In one of the few published discussions of Gaiman’s picturebooks, Renata Lucena Dalmaso presents a feminist reading of The Wolves in the Walls and Blueberry Girl, paying particular attention to the ways in which each book plays with and sometimes subverts traditional narrative elements. She is especially interested in the relationship between reader and text, arguing that both books highlight the reader’s agency in making meaning.

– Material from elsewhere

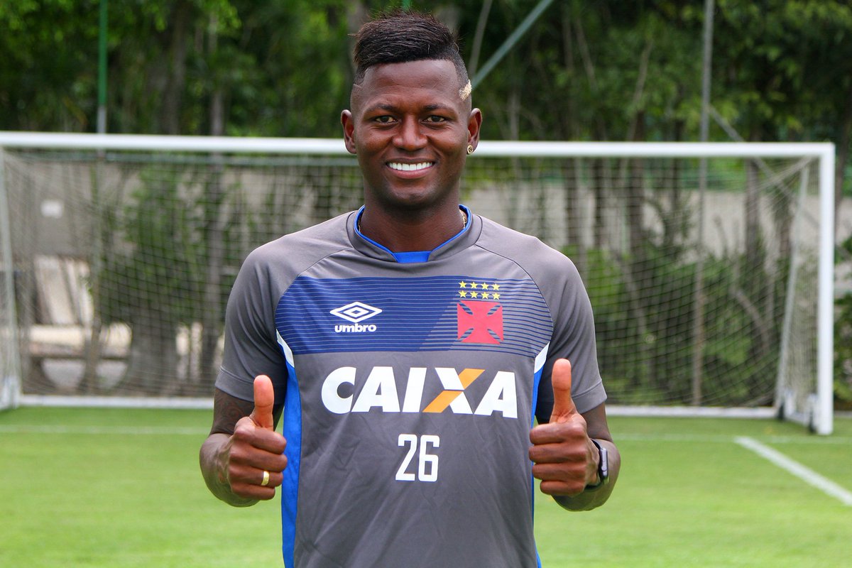 O atacante colombiano Riascos chegou ao Rio nesta sexta-feira, fez exames médicos e já treinou com o elenco do Vasco no Centro de Treinamento de Vargem Grande, onde a equipe realiza sua pré-temporada. Riascos aproveitou e posou para uma foto com o uniforme de treino. Confira:

In the case of Wolves in the Walls, she addresses intertextuality (Aesop’s "The Boy Who Cried Wolf" and Charlotte Perkins Gilman’s "The Yellow Wallpaper"), the contrasting styles of Dave McKean’s illustrations, and the "feminist appropriation of all those narratives in which the female character is silenced . . . and labeled insane" (33). Dalmaso also considers fairy tale motifs in Blueberry Girl, especially implicit in the illustrations, and the work of the written narrative to subvert restrictive gender-related binaries.
There are two essays on The Graveyard Book. In the Acknowledgements section of the latter, Gaiman pays homage to Rudyard Kipling’s The Jungle Books (1894, 1895), and this has already drawn critical attention (Robertson). Jennifer McStotts’s contribution to the collection under review analyses Gaiman’s use of the feral child trope, a fairy-tale affect, and a rite-of-passage narrative arc, concluding that the novel demonstrates to child readers "their own potential for self-sufficiency" (79). In the second essay on The Graveyard Book, Margaret Seyford Hrezo applies the concept of noetic, or classic, reason to explore the division between Bod and his antagonists. Noetic reason is the means by which humans learn to live in harmony with themselves and their world; in contrast, Hrezo suggests, characters like the Jacks operate within a post-Machiavellian concept of reason as a means of calculating how best to get what one wants from others and from the world. In her reading, then, Bod’s coming of age is a process of using noetic reason to develop a healthy understanding of the self and the self’s relation to that which is other.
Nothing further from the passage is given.